The Seychelles white-eye (Zosterops modestus) is a rare warbler-like perching bird from the family of white-eyes (Zosteropidae). It is endemic to the Seychelles. At one time thought to be extinct, it was rediscovered and is now listed as Vulnerable by the IUCN.

==Description==
This 10 to 11 cm long bird has a plumage of olive-grey upper-parts and dull-coloured underparts. It is further characterized by a narrow, white eye-ring, a rather long dark-grey tail and a small sharp bill. Its diet consists of insect larvae, locusts, and grasshoppers as well as berries and seeds. The Seychelles white-eye's breeding season is from September to April, in which a clutch of two to seven eggs is laid into a cup-shaped nest. The incubation time is thirteen to fifteen days and the young are fully fledged after eleven to sixteen days. After that, adults look after their young for another two months. The species' melodious and complex song consists of nasal tones. Due to its ecology and foraging habits (in the canopy of high trees) it is difficult to observe.
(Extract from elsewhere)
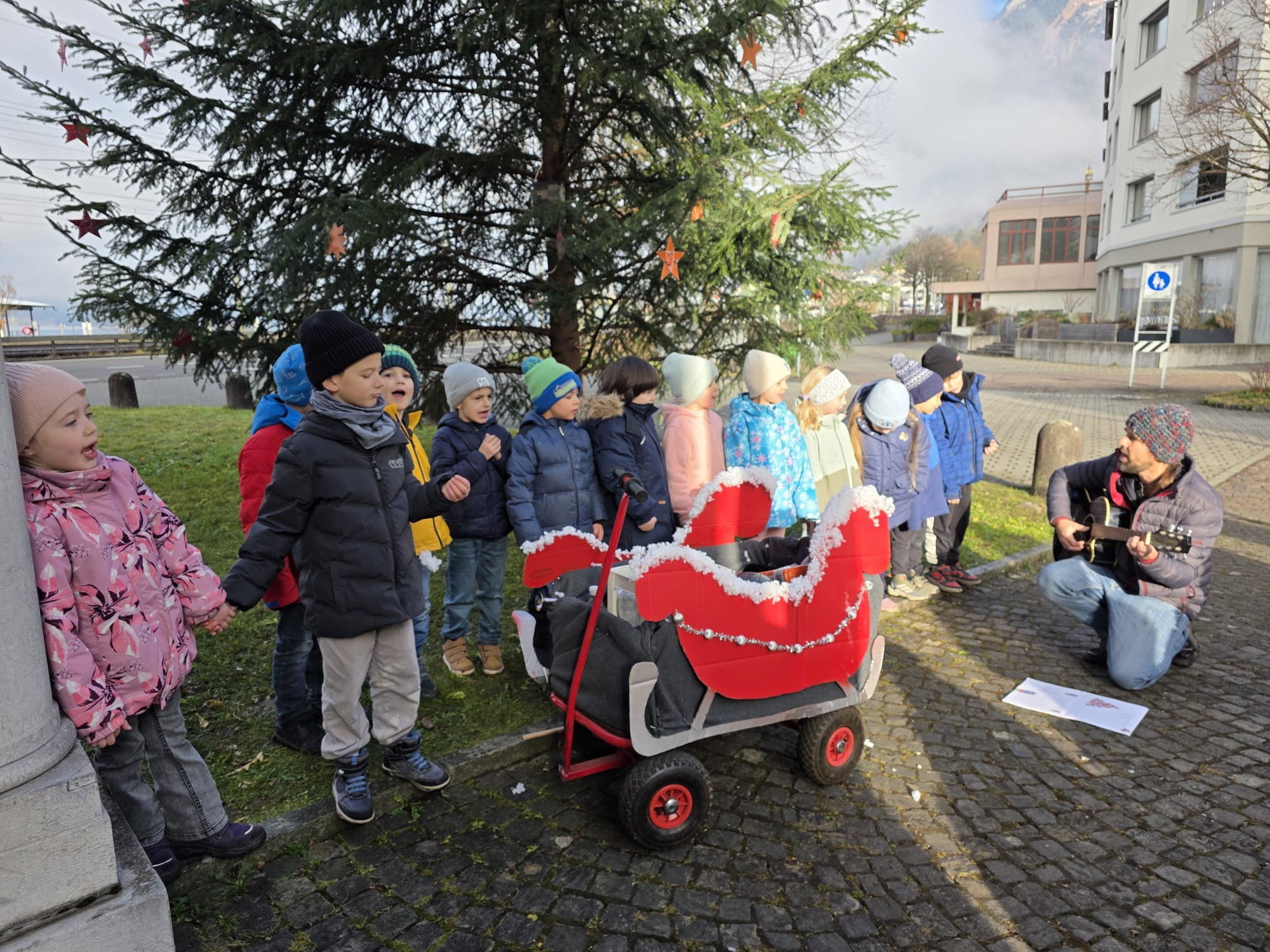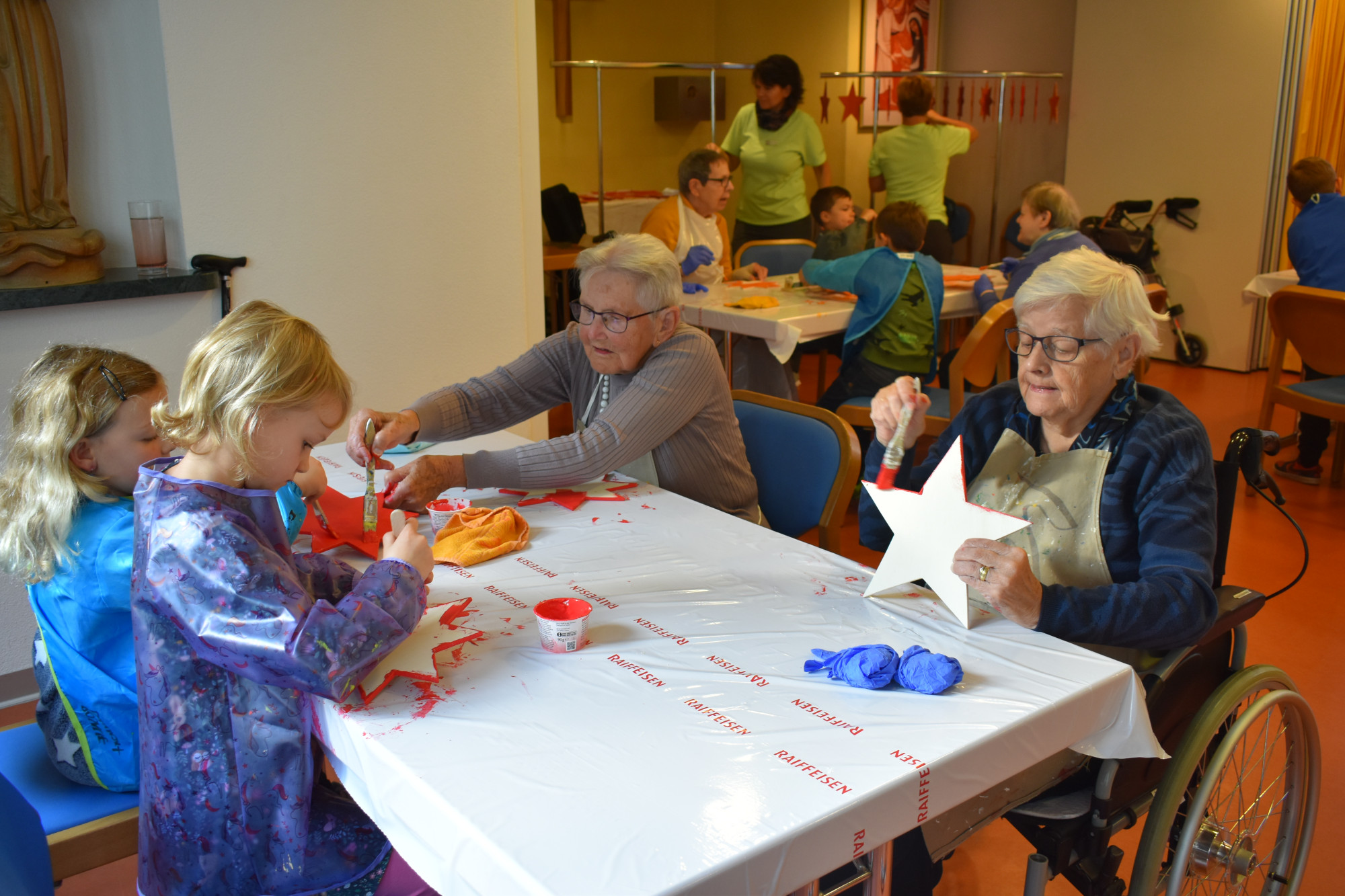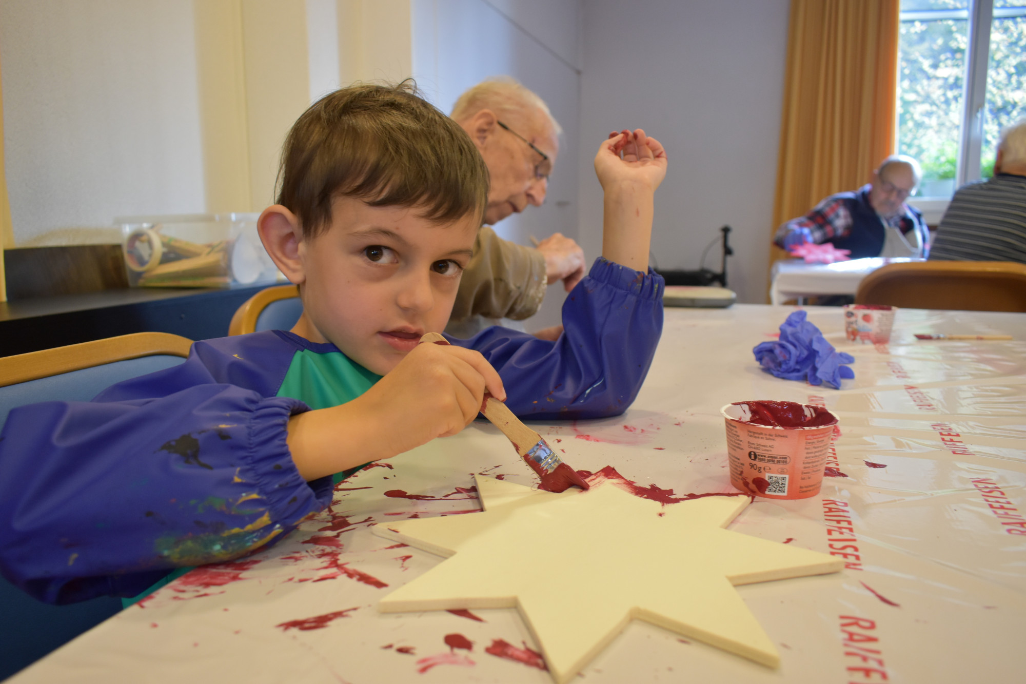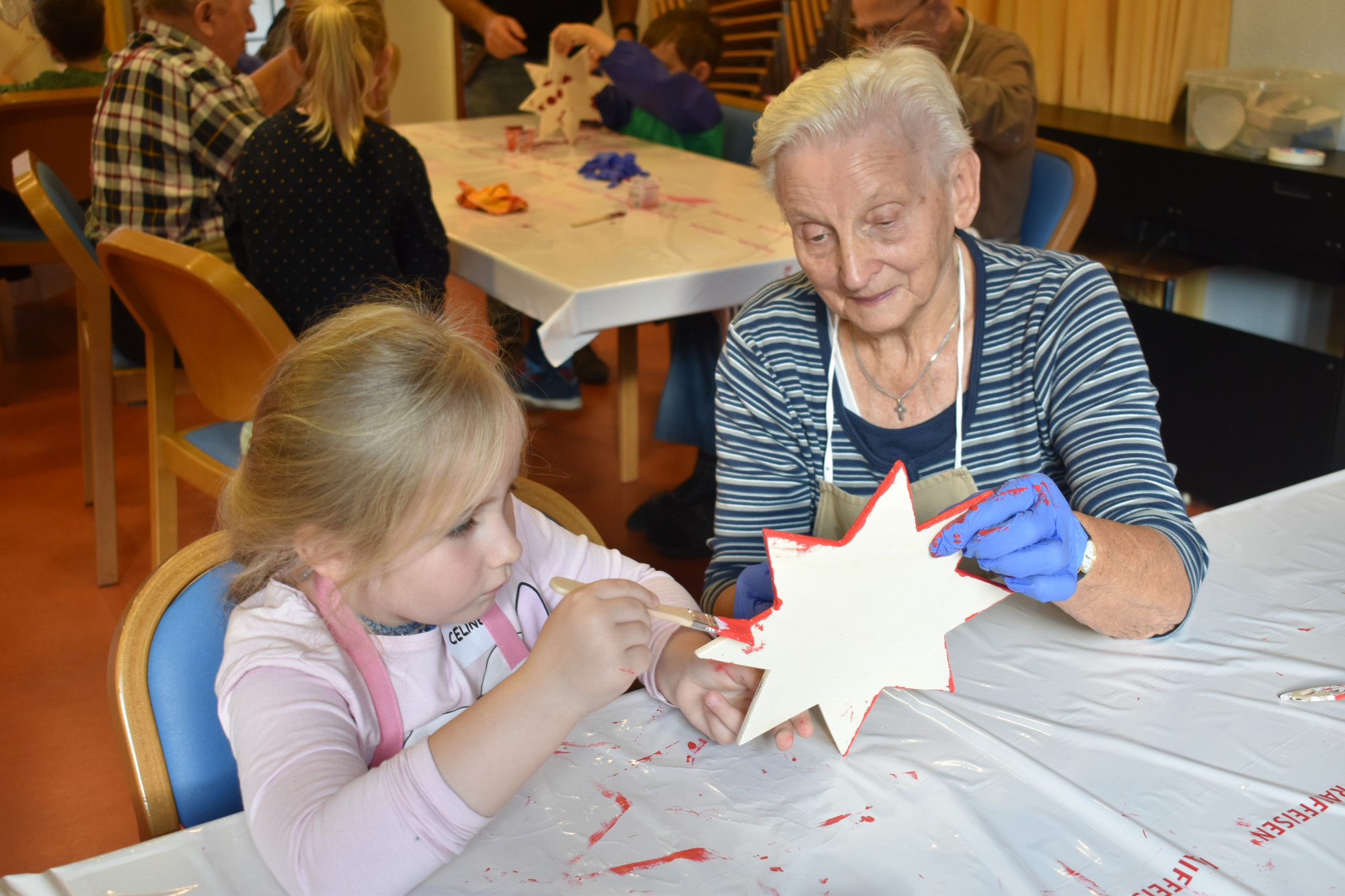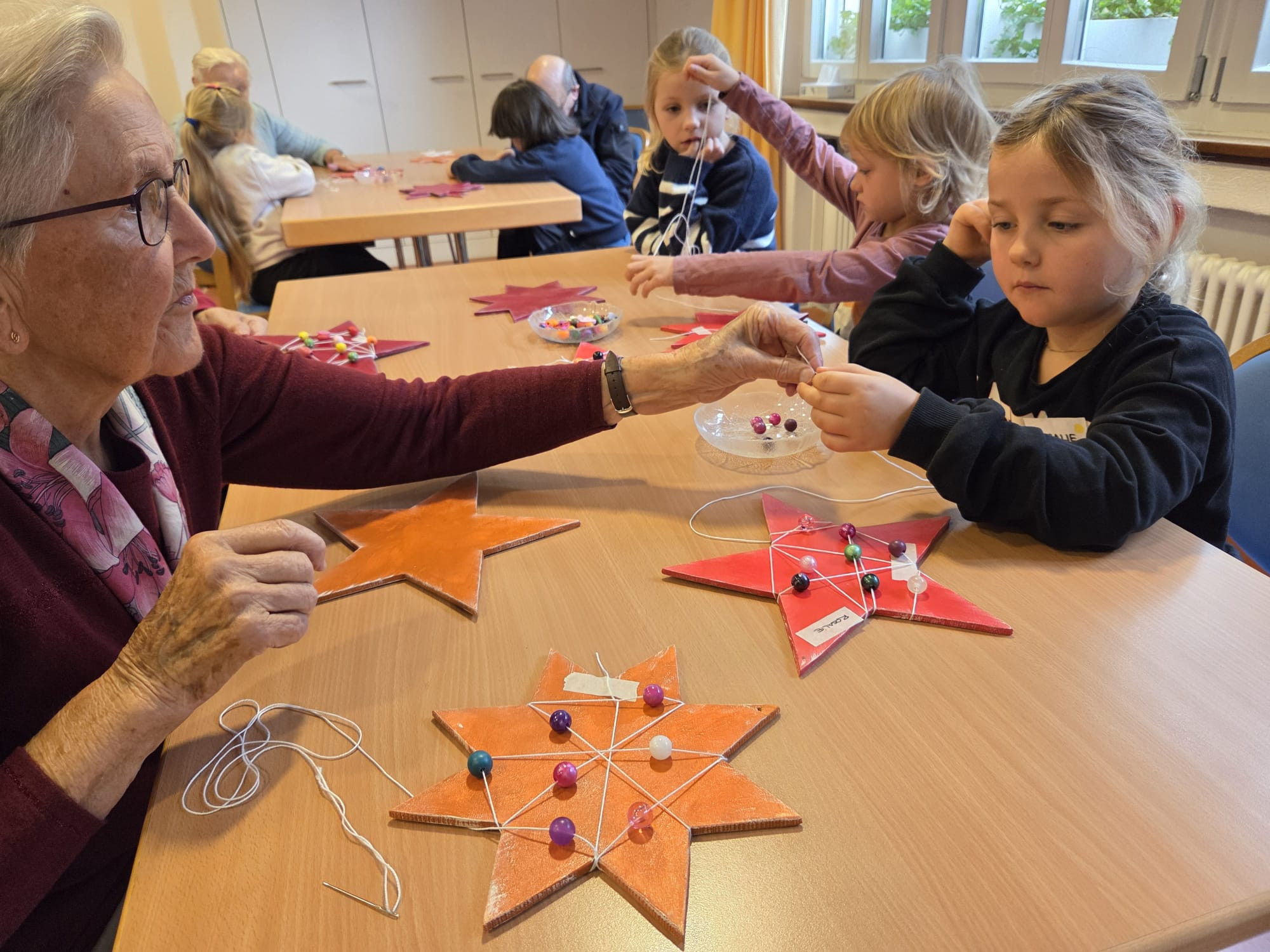 Beim ersten Treffen bemalten wir nach einem kurzen Kennenlernspiel die vorbereiteten Sterne. Beim zweiten Besuch wurden sie dann verziert – es wurde gelacht, erzählt, geholfen aber auch ganz konzentriert gearbeitet. Das dritte und letzte Treffen bildete einen stimmungsvollen Abschluss: Gemeinsam spazierten wir von der Seerose zum geschmückten Weihnachtsbaum der Gemeinde, wo ein kleiner feierlicher Akt stattfand, der das Projekt wunderbar abrundete.

The existence of a complex cooperative breeding system was discovered among Seychelles white-eyes. It is apparently unique among all species of white-eyes and appears as a very peculiar social breeding organisation among birds in general. Within the same breeding territory, the individual composition of nesting groups constantly changes, often involving birds that sometimes also contribute to nests in other territories.

==Threats==
Zosterops modestus was thought to be extinct between 1935 and 1960 until it was rediscovered in the highlands of Mahé. Even in 1996 it was considered one of the rarest birds in the world, with a population of only 25-35 individuals. The dramatic decline in population was caused by the extensive clearing of forests, competition with introduced birds (especially with the common myna), and from rat predation. In 1997, a population of about 250 individuals was rediscovered on the island of Conception. In 1998, the population on Mahé was estimated to be about 50. Currently the population on Conception Island consists of between 244 and 336 individuals. In 2001, the Island Conservation Society led a project to transfer 31 birds to the Seychelles island of Frégate. The population has since increased to more than 60 birds. Further transfers of birds have been made to North Island, Seychelles and to Cousine Island. Birds subsequently died out on Cousine, but transfers to other islands have been successful, increasing the world population to perhaps 500.